Amanda Foote
2022-01-21

Despite their endurance, the range known as the Canadian Rockies has changed a great deal in the years since Catherine Whyte set out to paint them. Whyte, a pioneer who was instrumental in the social development of Banff, broke the stereotypes of her time as a painter, an outdoors woman, and in her friendships with the neighboring Îethkabi (Stoney Nakoda). By all accounts she was a maverick, someone who made her mark on the land, and this has been her legacy. Yet she was also a settler woman who was an important part of the project to deeply entrench the western status quo in the Bow valley. The way of life that she brought to the region left an indelible mark of its own on the land as well as all its inhabitants. 

The Rockies Repeat collective is working to understand Whyte’s legacy, and to perhaps provide a course correction of sorts. This group of six artists (working with a creative team who produce the projects) have been trekking into the mountains to revisit the sites of Whyte’s artwork. While there they’ve been making new pieces in their own styles, and in this way they document the changes that are present in the land. One of the cornerstones of the project is to represent changes to glaciers, which are projected to disappear from the Rockies within the next hundred years. Climate change has led to loss of the glaciers, this has had a cascading impact on the other aspects of the ecosystem, and the artwork the collective members make demonstrates stark differences.

Yet, another change is equally present in the contemporary works; Caroline Hedin, the project founder and director of a film that documents the collective’s work was intentional about including Indigenous voices.
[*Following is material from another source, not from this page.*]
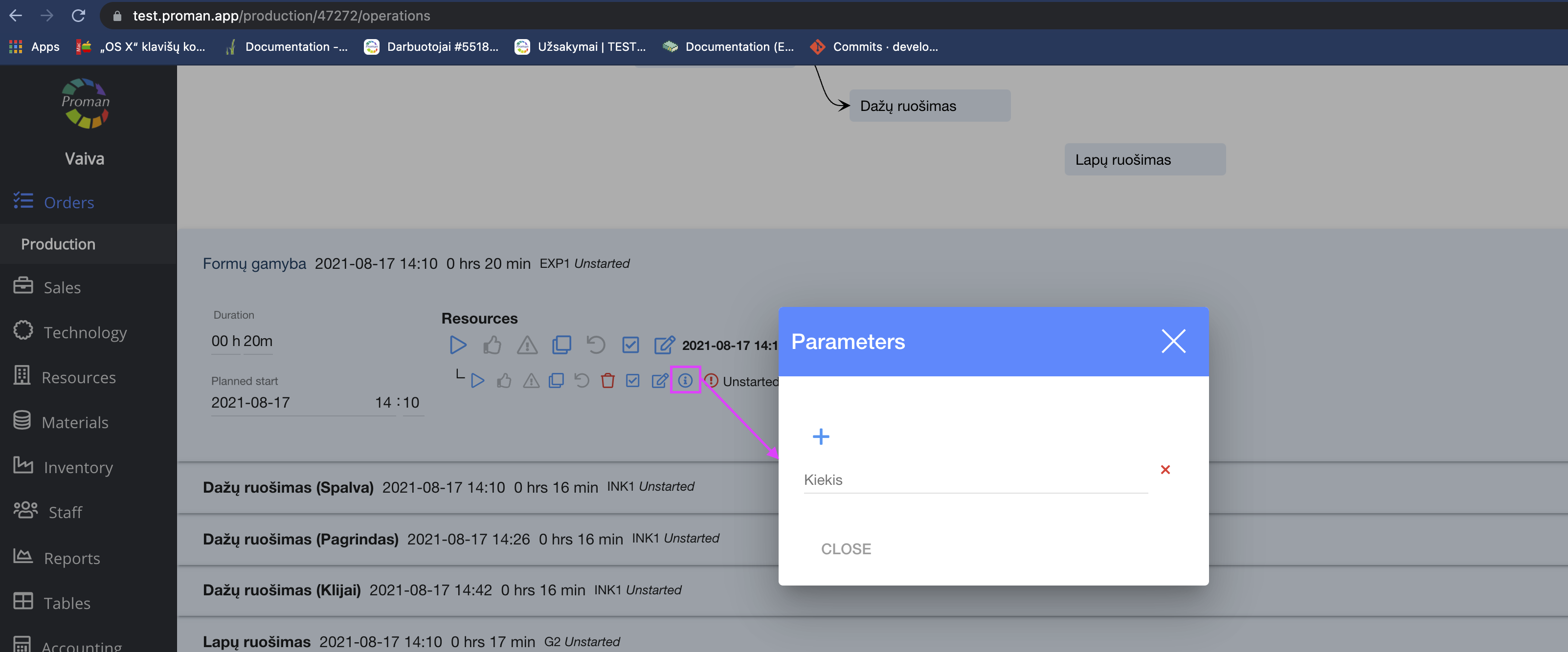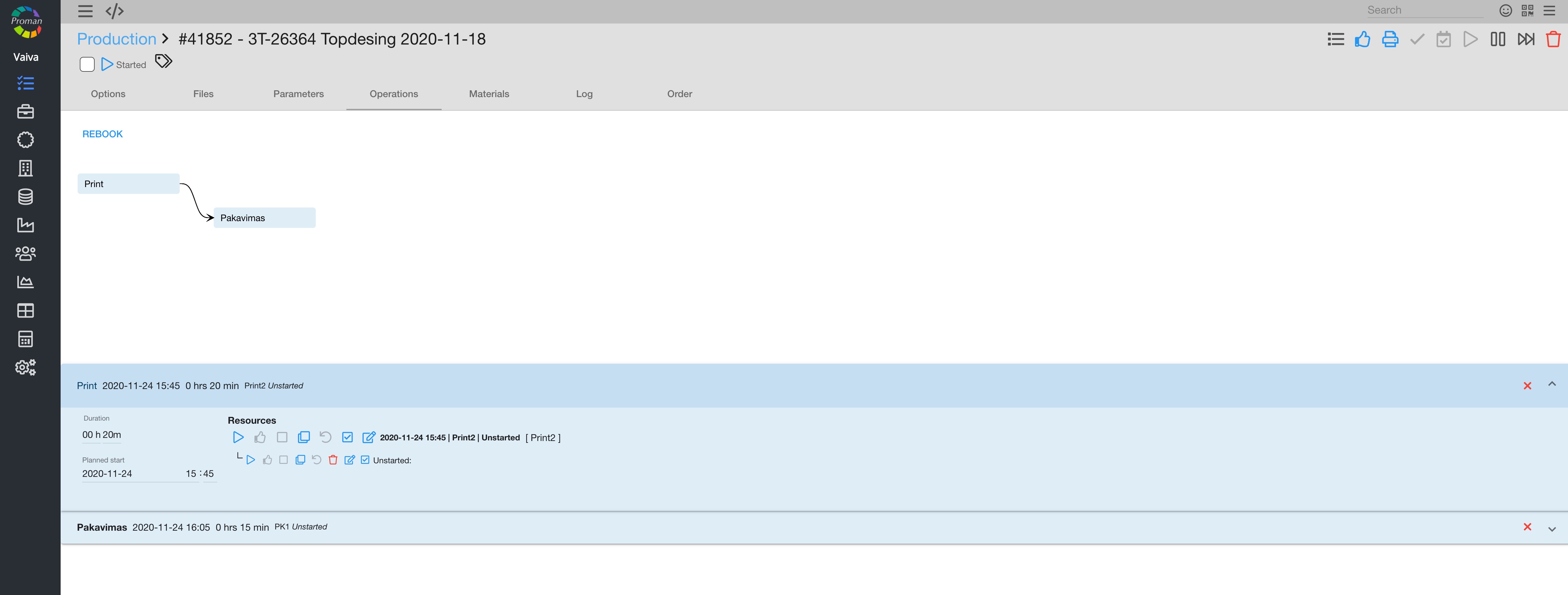 After creating the production operations, you can manage it with buttons:

On the treks, Indigenous knowledge keeper artists are joined by a scientist, the production team, as well as settler artists, who each bring their own expertise which they share, teaching others in the process. Sikapinakii, one of three artists who identify as Indigenous in the collective feels that this is one element that could lead to real change; “it’s different, and I really like it.” Sikapinakii (who identifies using they/them pronouns) felt that the non-Indigenous participants brought a genuine humility and desire for knowledge, traits that Sikapinakii also exhibits in conversation as well as through their work. 

Sikapinakii didn’t consider themselves a painter, but knew when they heard about the project bringing together artists with a passion for the environment and mountain lands, that they knew they wanted to join. The process of using a medium that wasn’t typically their first choice was a welcome challenge, and Sikapinakii developed a newfound love of painting that they plan to use in an upcoming Arts Commons exhibition.  
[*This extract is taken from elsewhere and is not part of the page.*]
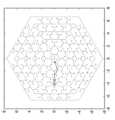 도 5는 본 개시에 따른 샤워헤드 (500) 의 예시적인 하면도를 도시한다. 이 예에서, 쓰루홀들 (504) 은 각각의 주입기들 (512) 주위에 클러스터링된 그룹들 (508) 의 삼각형 기반 패턴으로 배열된다. 중심 그룹 (516) 은 각각 6 개의 그룹들 (508), 12 개의 그룹들 (508), 18 개의 그룹들 (508), 24 개의 그룹들 (508), 및 24 개의 그룹들 (508) 의 각각의 연속적인 육각형 링들에 의해 둘러싸여 있다. 이 예에서, 그룹들 (508) 의 최외각 육각형 링은 또한 주입기들 (512) 각각의 주위에 클러스터링된 그룹들 (508) 중 특정한 그룹과 연관되지 않은 부가적인 쓰루홀들 (540) 을 포함한다. 대신, 쓰루홀들 (540) 은 최외각 육각형 링의 그룹들 (508) 의 패턴 내의 갭들 내에 배열된다. “링들”로 지칭되지만, 그룹들 (508) 은 도 4에 도시된 방식과 유사한 연속적인 육각형 패턴들로 배열된다.FIG. 5 illustrates an exemplary bottom view of a showerhead (500) according to the present disclosure. In this example, the through-holes (504) are arranged in a triangular based pattern of groups (508) clustered around each of the injectors (512). A central group (516) is surrounded by successive hexagonal rings of six groups (508), twelve groups (508), eighteen groups (508), twenty-four groups (508), and twenty-four groups (508), respectively. In this example, the outermost hexagonal ring of the groups (508) also includes additional through-holes (540) that are not associated with a particular group of the groups (508) clustered around each of the injectors (512). Instead, the through-holes (540) are arranged within gaps within the pattern of groups (508) of outermost hexagonal rings. Although referred to as “rings,” the groups (508) are arranged in a continuous hexagonal pattern similar to that illustrated in FIG. 4.

Sikapinakii and the other artists hope that by creating new stories, through the process of their collective work as much as through their finished pieces, they will address climate change through culture and art. The intersectional nature of their process, engaging different art forms, history, and diverse peoples, meets the intersectional nature of the climate change crisis through creative and thoughtful responses. Sikapinakii recognizes that this is a new approach bound in mutual respect, which is an important point of departure from historic relationships “they really romanticized Indigenous people in the past.” Settler attitudes about Indigenous people and the natural environment have brought us to this point in history; with the glaciers nearing the point of no return, the need to find new ways of knowing and doing together has never been more urgent.